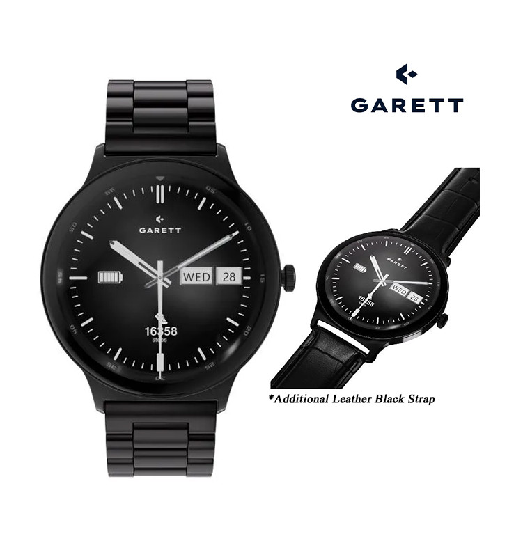 Garett QUANTUM Smartwatch | BLACK STEEL (with Additional Black Leather Quick Release Strap)
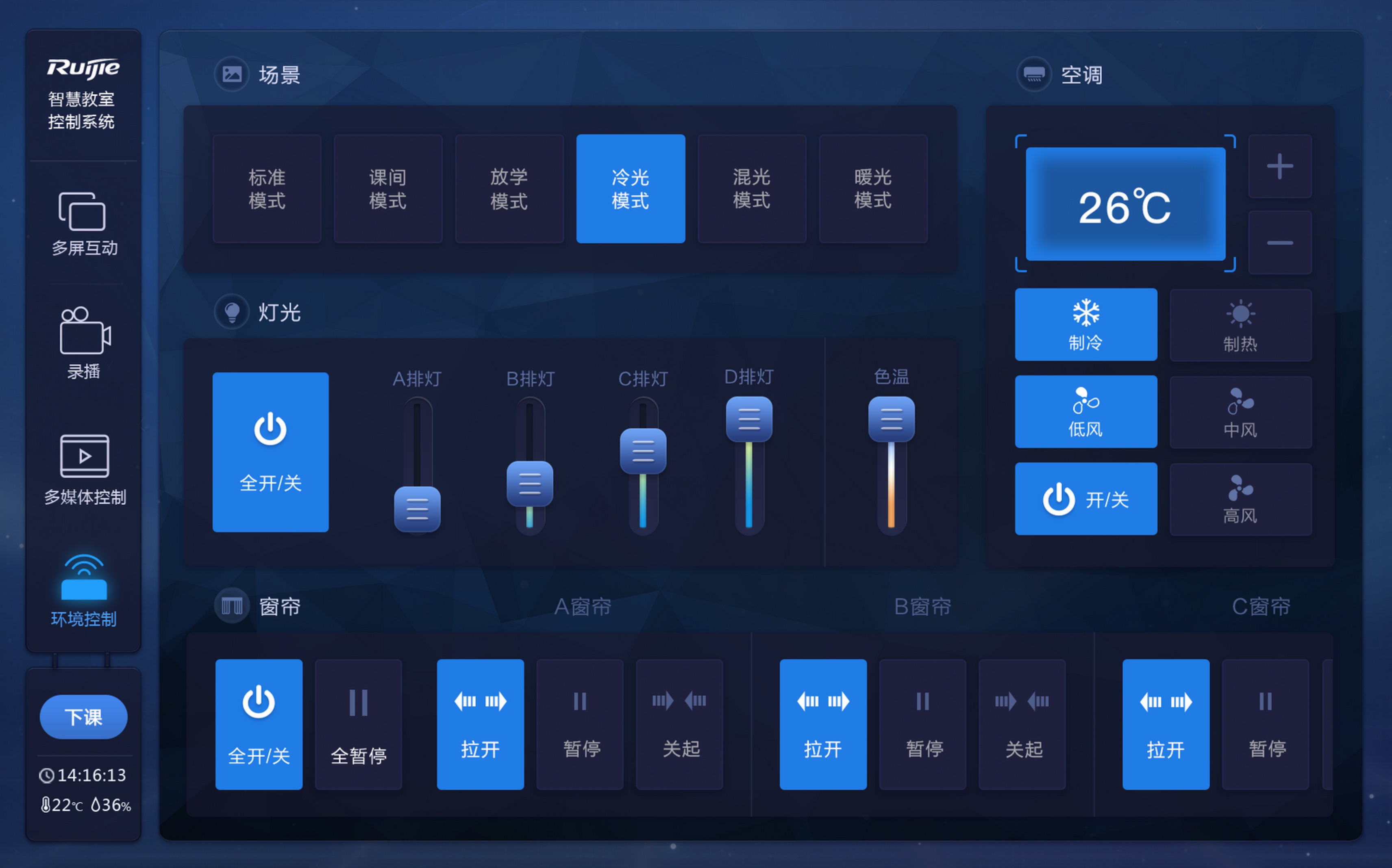 對學校而言:確保了教室環境滿足國家相關標準,綜合節能70%以上,集中管控,降低維護、維修成本,提高老師教學效率與效果。
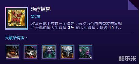 放置一个治疗结界后,范围内为盟友提供3%每秒,持续10秒的治疗,并且提供视野。
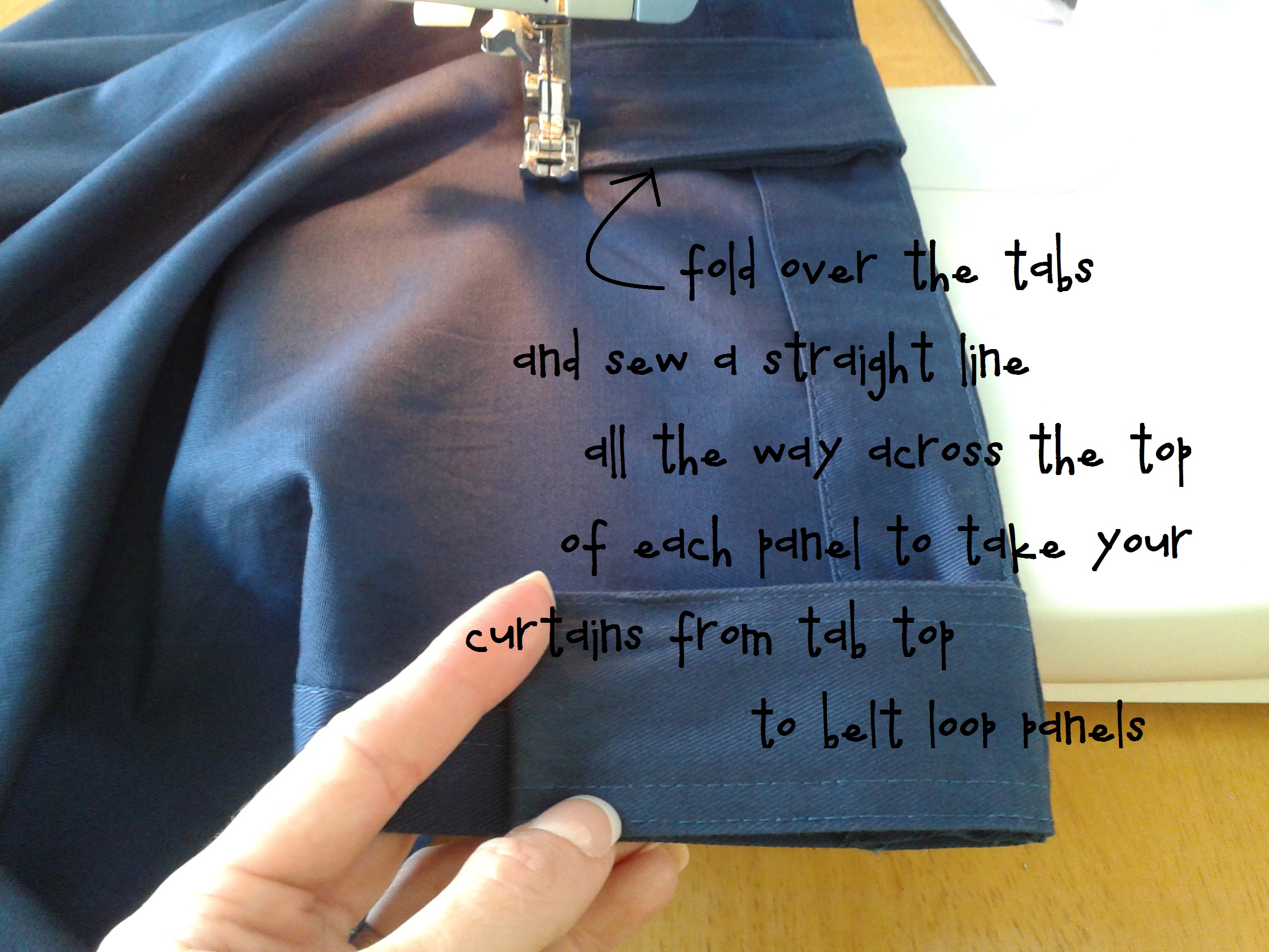 I not only wanted to lengthen the curtain panels, but I also wanted to change them from tab top to belt loop top. I don’t really like the way tab tops look, and belt loop tops pleat SO nicely and naturally when opened! All I did was foldover the tabs and sew straight across the top of the panel.
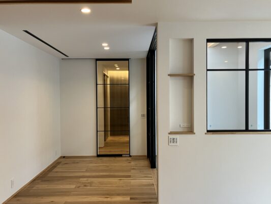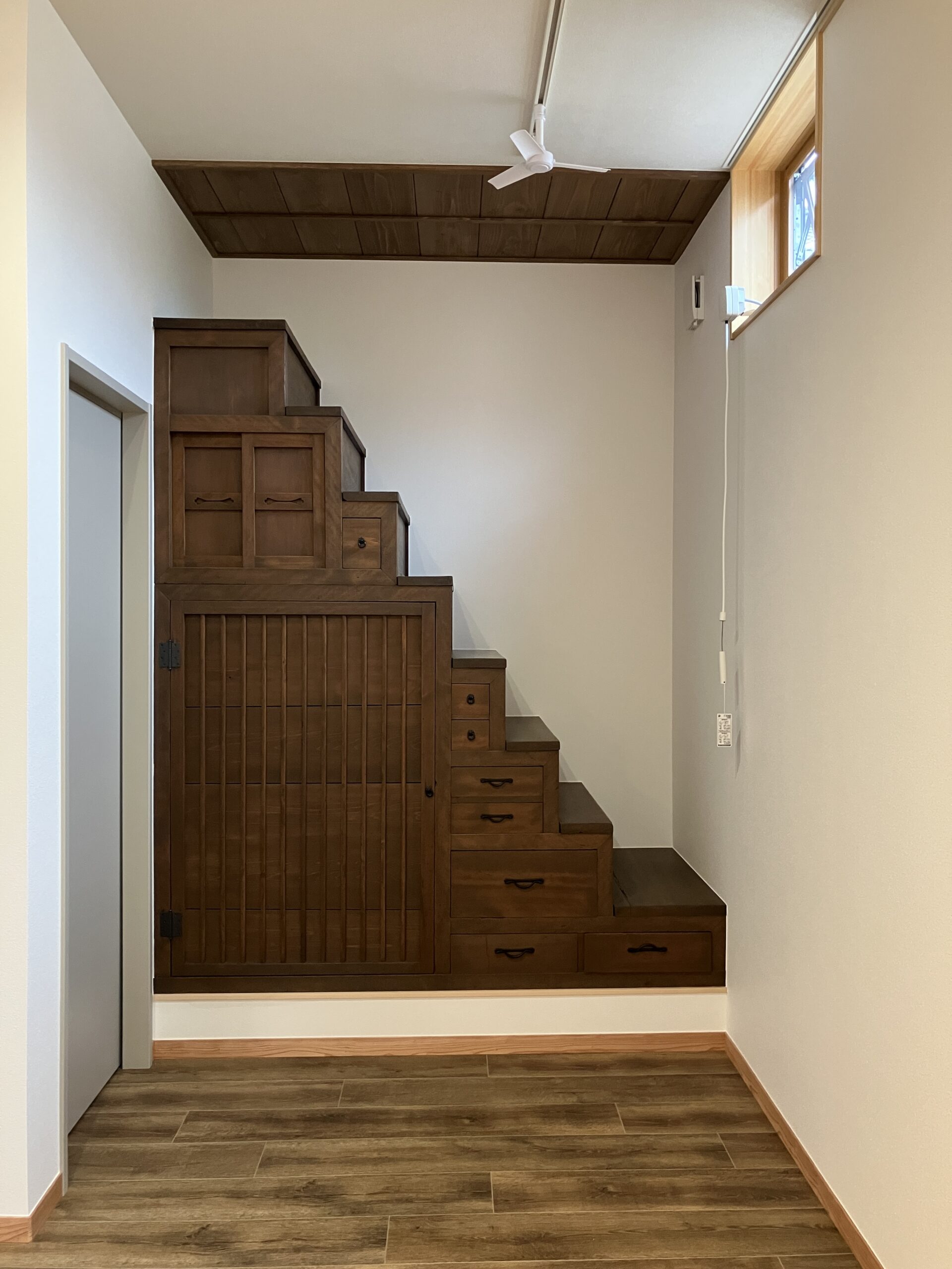 階段室の手前には和室があります。お父様のご兄弟が気軽にお参りできるように、仏間を離れに設けられました。真壁納まり(構造の柱が見える納まり)にしたので、ヒノキのいい香りがします👍

____________

• Task item: Your copy should match the data exactly, apart from the images, which are dropped.

• Answer area:
 Garett QUANTUM Smartwatch | BLACK STEEL (with Additional Black Leather Quick Release Strap)
 對學校而言:確保了教室環境滿足國家相關標準,綜合節能70%以上,集中管控,降低維護、維修成本,提高老師教學效率與效果。
 放置一个治疗结界后,范围内为盟友提供3%每秒,持续10秒的治疗,并且提供视野。
 I not only wanted to lengthen the curtain panels, but I also wanted to change them from tab top to belt loop top. I don’t really like the way tab tops look, and belt loop tops pleat SO nicely and naturally when opened! All I did was foldover the tabs and sew straight across the top of the panel.
 階段室の手前には和室があります。お父様のご兄弟が気軽にお参りできるように、仏間を離れに設けられました。真壁納まり(構造の柱が見える納まり)にしたので、ヒノキのいい香りがします👍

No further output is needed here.